Shout It Out is the third album by singer Patrice Rushen. This album was the last Patrice released with Prestige Records before signing with Elektra Records. With this album, Rushen performs songs ranging from jazz, funk and fusion to R&B.

==Critical reception==

Craig Lytle of AllMusic said, "Barely into her twenties and, on this, her third album, Patrice Rushen's music spoke volumes for her talent and the growth she would endure as a music virtuoso. This album is not smeared with that dated sound of the '70s so many instrumental projects were contaminated with.
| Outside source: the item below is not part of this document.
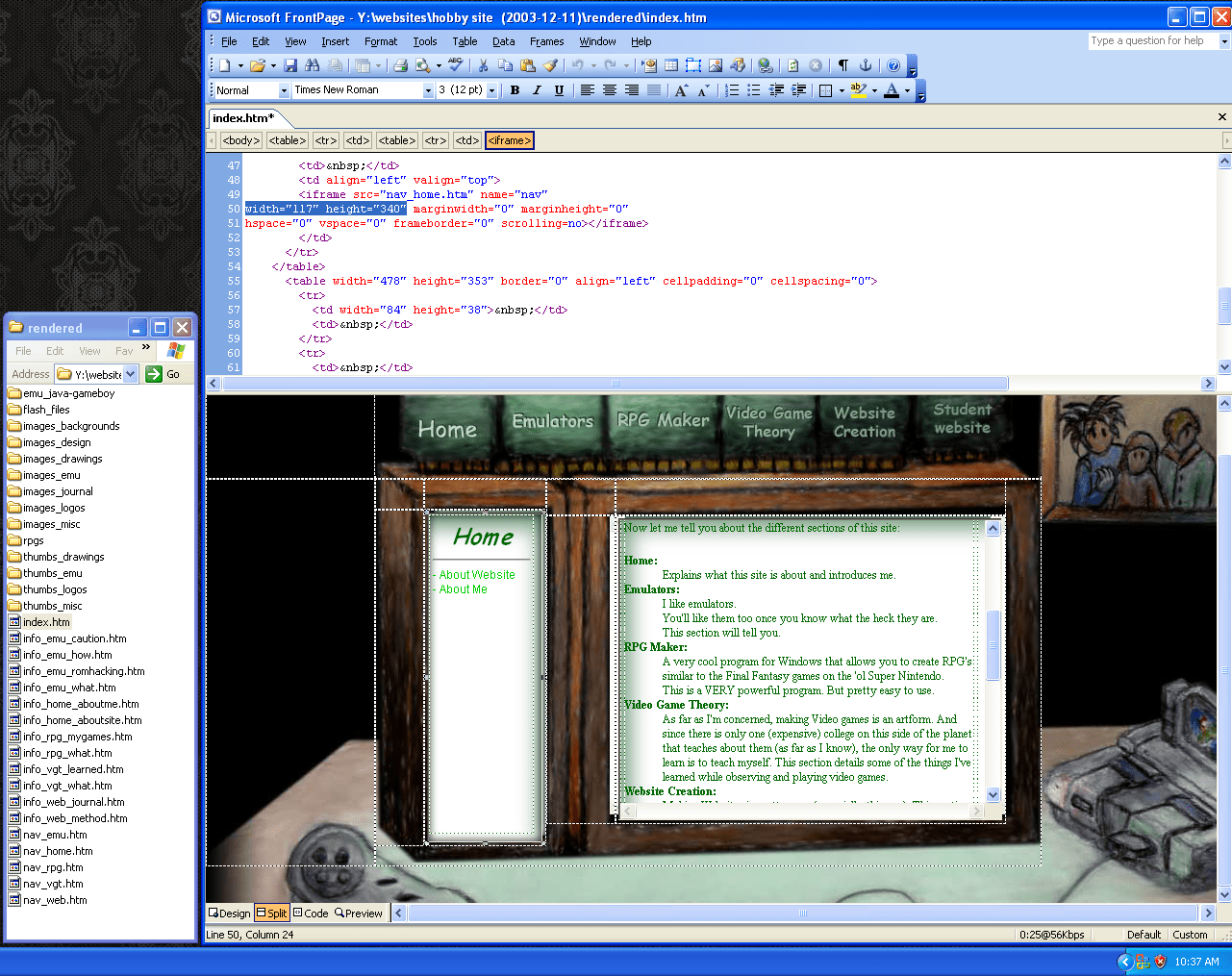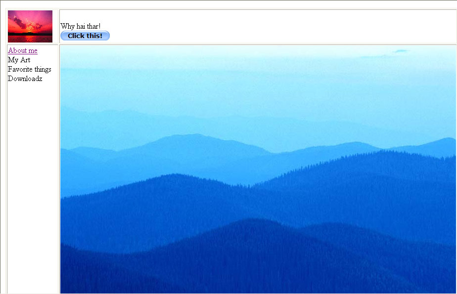 # That was how I built a website back in 2004. It doesn’t even use CSS. Hell it barely even uses pictures. It’s mostly just one giant background picture with areas you can click. Behind the scenes it’s a table and a couple of invisible iFrames. When I click the buttons, the pages get loaded inside those areas. No JavaScript. It was 100% HTML.

Instead, Rushen gives her audience a pleasurable collection of songs ranging from jazz, funk, and fusion to R&B."

Professional ratings
Review scores
| Source | Rating |
| AllMusic | Star |
| The Rolling Stone Jazz Record Guide | Star |

==Track listing==
All tracks composed by Patrice Rushen, except where indicated.
1. "The Hump" (Darryl Cox, Patrice Rushen) – 6:04
2. "Shout It Out" – 6:14
3. "Stepping Stones" (Charles Mims) – 5:00
4. "Let Your Heart Be Free" (Angela Rushen, Patrice Rushen) – 3:58
5. "Roll with the Punches" – 6:17
6. "Let There Be Funk" (Darryl Cox, Patrice Rushen) – 4:16
7. "Yolon" (Reggie Andrews) – 4:32
8. "Sojourn" – 4:43

== Personnel ==
- Patrice Rushen – lead vocals (1–4, 6, 8), electric piano (1–5, 7, 8), clavinet (1, 2, 5, 6), handclaps (1, 4, 6), arrangements (1, 2, 4–8), tambourine (2, 5), Minimoog (3, 6, 7), electric bass (4), backing vocals (4), high bass (5), Yamaha electric grand piano (5, 8), ARP synthesizer (7) Bosendorfer grand piano (8), synth horns (8), synth strings (8), choir vocals (8)
- Mitchell Bagman – additional Minimoog (6)
- Larry Nash – synth horns (7, 8), synth strings (7, 8)
- Reggie Andrews – synth horns (7, 8), synth strings (7, 8), arrangements (7)
- Al McKay – guitars (1, 3, 4, 6, 7, 8)
- Charles Meeks – electric bass (1, 2, 3, 6, 7, 8), handclaps (1, 4, 6), backing vocals (1, 2, 3), thumbed bass (5), choir vocals (8)
- James Gadson – drums (1–7), "right" drums (8)
- Graham Lear – "left" drums (8)
- Bill Summers – percussion (2–8)
- Tom Scott – tenor saxophone (2), lyricon (2)
- Nate Alford – trumpet (1, 3, 5), handclaps (1, 4, 6)
- Charles Mims – trumpet (1, 3, 5), handclaps (1, 4), arrangements (3)
- Danny Vicari – trumpet (1, 3, 5), handclaps (1, 4)
- Tommy Vicari – whistle (6)
- Darrell Cox – handclaps (1, 4)
- Ferd Porche – handclaps (1, 4)
- Ronnie Williams – handclaps (1, 4)
- Roslyn Barbee – handclaps (1, 4)
- Josie James – backing vocals (1, 6), handclaps (1, 4, 6), choir vocals (8)
- Maxine Waters – backing vocals (2, 3), handclaps (6)
- Roy Galloway – backing vocals (2, 3, 6), handclaps (6), choir vocals (8), vocal solo (8)

Production
- Producers – Patrice Rushen, Reggie Andrews and Tommy Vicari.
- Executive Producer – Orrin Keepnews
- Production Assistance – Charles Mims
- Engineer – Tommy Vicari
- Assistant Engineers – Danny Vicari and Helen Silvani
- Mastered by Bernie Grundman at A&M Studios (Hollywood, CA).